REQUIRED ACTION ▸
Retype only what runs from the first line of the records to the line with "为更好地理解不同视角下合法性的获取机制,在此将三种理论的异同通过表1展示出来。", inclusive, and no pictures.

TASK MATERIAL ▸
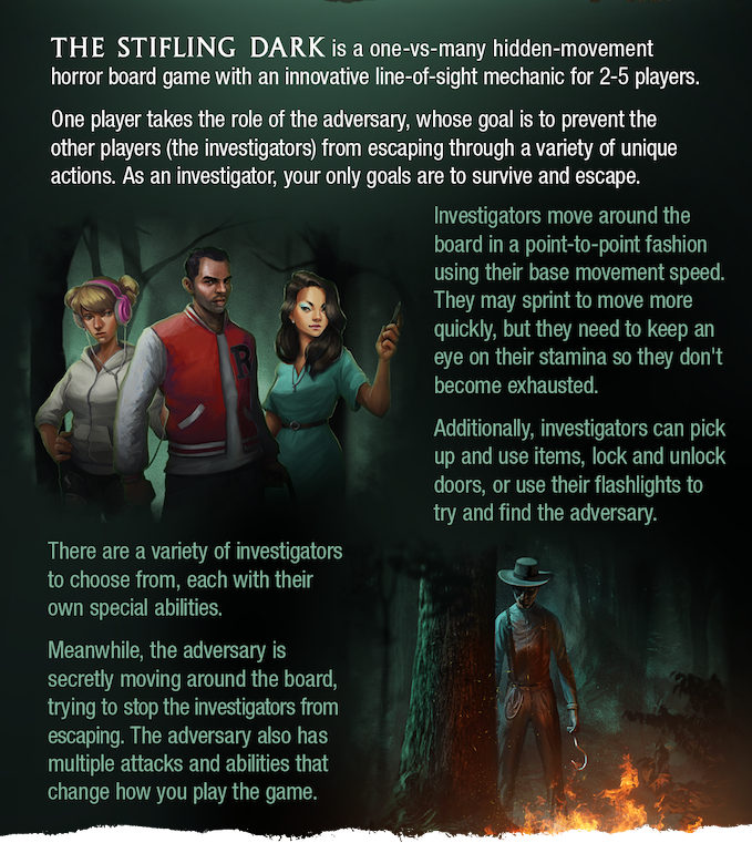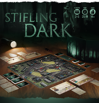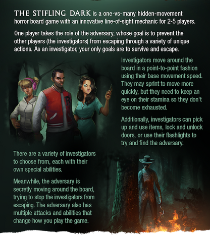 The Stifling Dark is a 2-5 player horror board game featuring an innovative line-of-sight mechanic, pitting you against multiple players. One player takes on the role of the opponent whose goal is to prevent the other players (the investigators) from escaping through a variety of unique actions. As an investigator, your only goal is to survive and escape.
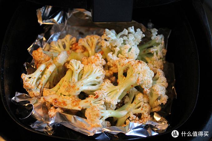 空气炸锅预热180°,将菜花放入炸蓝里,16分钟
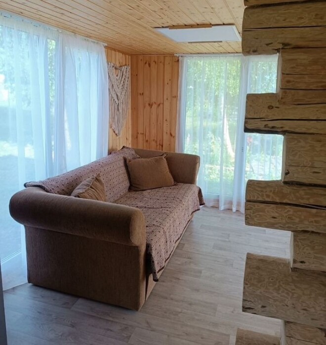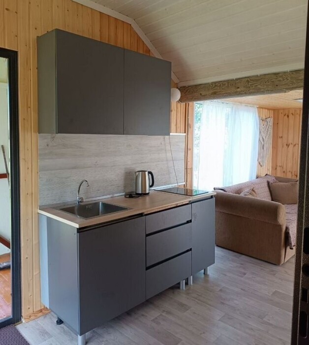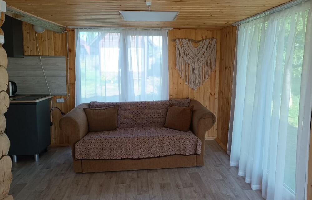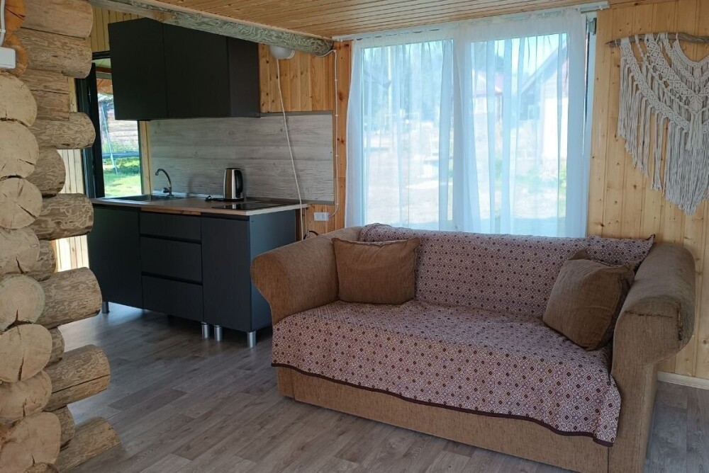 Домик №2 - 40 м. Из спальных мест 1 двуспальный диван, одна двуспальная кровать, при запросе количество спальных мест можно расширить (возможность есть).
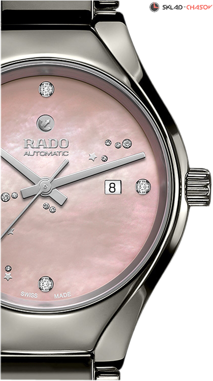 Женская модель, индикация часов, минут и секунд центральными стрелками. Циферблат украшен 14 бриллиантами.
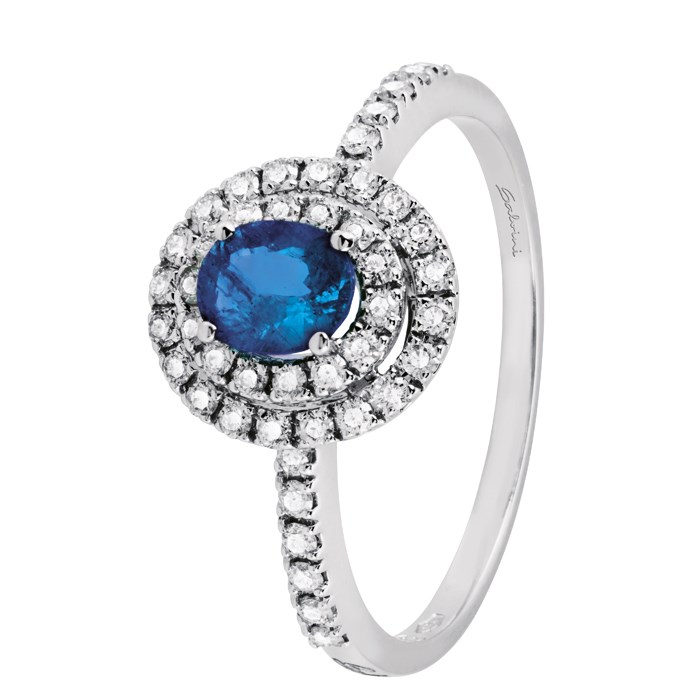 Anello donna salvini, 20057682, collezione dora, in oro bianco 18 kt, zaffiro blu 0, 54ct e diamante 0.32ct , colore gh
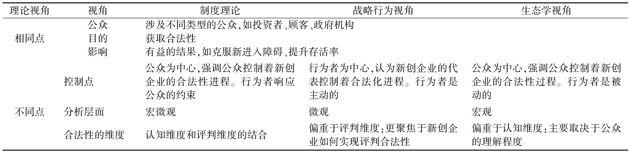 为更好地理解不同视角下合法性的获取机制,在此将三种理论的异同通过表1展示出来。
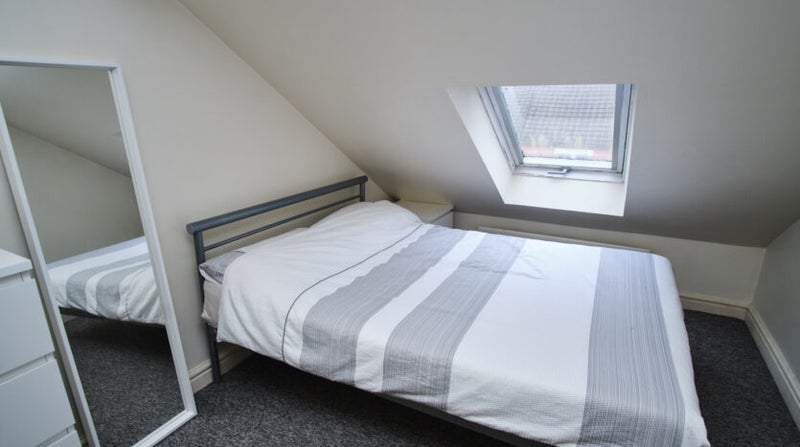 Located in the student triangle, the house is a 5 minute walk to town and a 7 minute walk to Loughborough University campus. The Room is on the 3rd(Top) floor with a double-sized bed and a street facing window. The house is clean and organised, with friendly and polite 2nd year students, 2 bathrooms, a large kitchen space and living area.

ANSWER ▸
 The Stifling Dark is a 2-5 player horror board game featuring an innovative line-of-sight mechanic, pitting you against multiple players. One player takes on the role of the opponent whose goal is to prevent the other players (the investigators) from escaping through a variety of unique actions. As an investigator, your only goal is to survive and escape.
 空气炸锅预热180°,将菜花放入炸蓝里,16分钟
 Домик №2 - 40 м. Из спальных мест 1 двуспальный диван, одна двуспальная кровать, при запросе количество спальных мест можно расширить (возможность есть).
 Женская модель, индикация часов, минут и секунд центральными стрелками. Циферблат украшен 14 бриллиантами.
 Anello donna salvini, 20057682, collezione dora, in oro bianco 18 kt, zaffiro blu 0, 54ct e diamante 0.32ct , colore gh
 为更好地理解不同视角下合法性的获取机制,在此将三种理论的异同通过表1展示出来。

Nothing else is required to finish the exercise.